In October 2018, the European Union imposed an anti-dumping duty on tyres made in China. The US too has imposed similar duties.

In Europe, Goenka’s RPG sells tyres for passenger vehicles in Spain, Italy and UK and there is an opportunity to grow in excess of 50% annually there, he said. In the off-highway tyre segment, which the company entered recently, there is potential to double sales, he said. The company presently does not have truck and bus tyres compatible for the European market.

The Indian market, meanwhile, is expected to be under pressure for at least three more quarters, mainly due to the slowdown in sales of new automobiles, Goenka said.

The domestic automobile industry has been grappling with falling sales amidst price increases due to multiple regulatory changes and a poor macroeconomic environment. In turn, that has affected the tyre industry, a large part of sales for which come from supply to vehicle makers.

About 27% of Ceat’s sales come from supply to vehicle manufacturers, according to a company presentation filed with the exchanges. Replacement demand and exports account for 58% and 15%, respectively.

“I think it is going to be challenging for at least another 8 months and that's largely because of the price increase for automobiles that will happen from April because of changeover to BS-VI norms,” he said. While there is no guarantee things will get better October onwards, Goenka said, things will surely be difficult at least till then.

Ceat is going ahead with its capacity expansion plans, albeit at a slower pace due to the demand downturn.

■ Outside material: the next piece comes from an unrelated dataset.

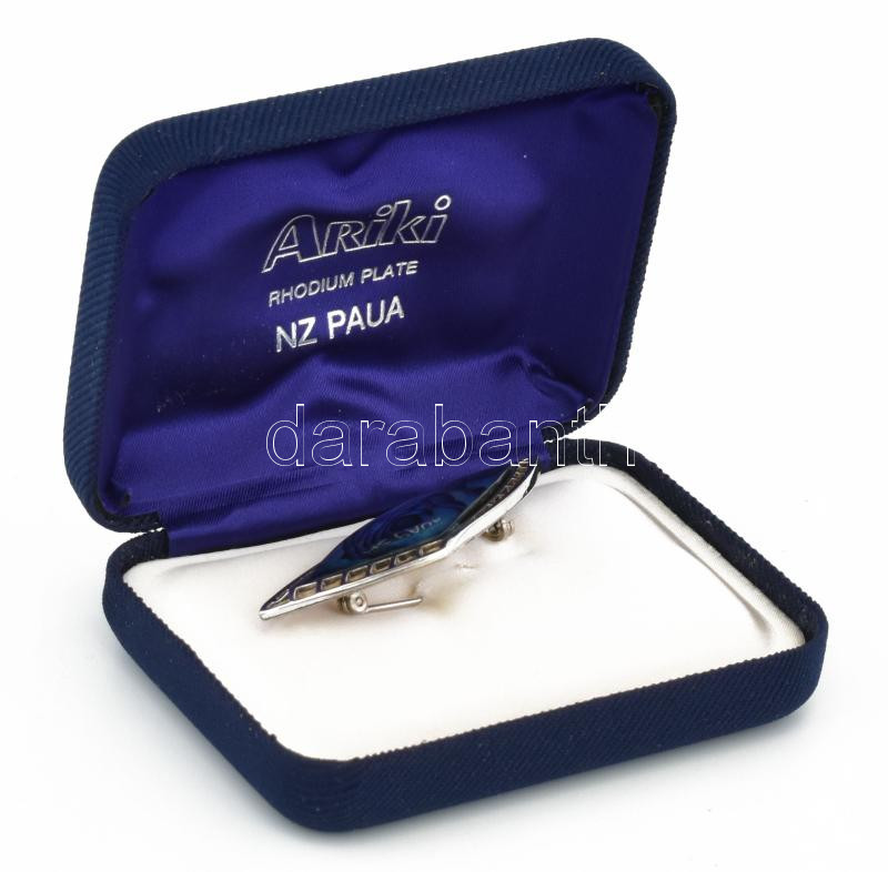 Leírás: Ariki, paua kagyló csiszolt gyöngyház medál, díszdobozban, jelzéssel, h: 5,5 cm
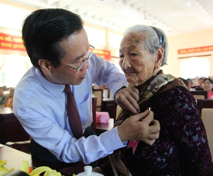 Phó Bí thư Thường trực Thành ủy TP.HCM Võ Văn Thưởng trao tặng danh hiệu vinh dự nhà nước Bà mẹ VN anh hùng cho bà Võ Thị Dấm (ngụ xã Trung An, huyện Củ Chi) - Ảnh: HOÀNG GIANG

It has deferred about Rs 500 crore of investment from its planned capital expenditure of Rs 3,500 crore, according to Goenka.

The company on Wednesday announced its financial result for December quarter where revenue and profits were mostly stagnant at Rs 1,762 crore and Rs 53 crore, respectively, while the Earnings before interest, tax, depreciation and amortization (ebitda) margin improved 2.1 percentage points to 10.7%.

“CEAT continues to invest in R&D and capacity, which is likely to keep free cash flow subdued for FY21-22. Under the current scenario, earnings could bottom out in FY21,” ICICI Securities said in a report, revising the target price for the stock upwards to Rs 1,015 per share from Rs 909.

The stock gained 1.05% to close at Rs 1010 per share on the BSE on Thursday.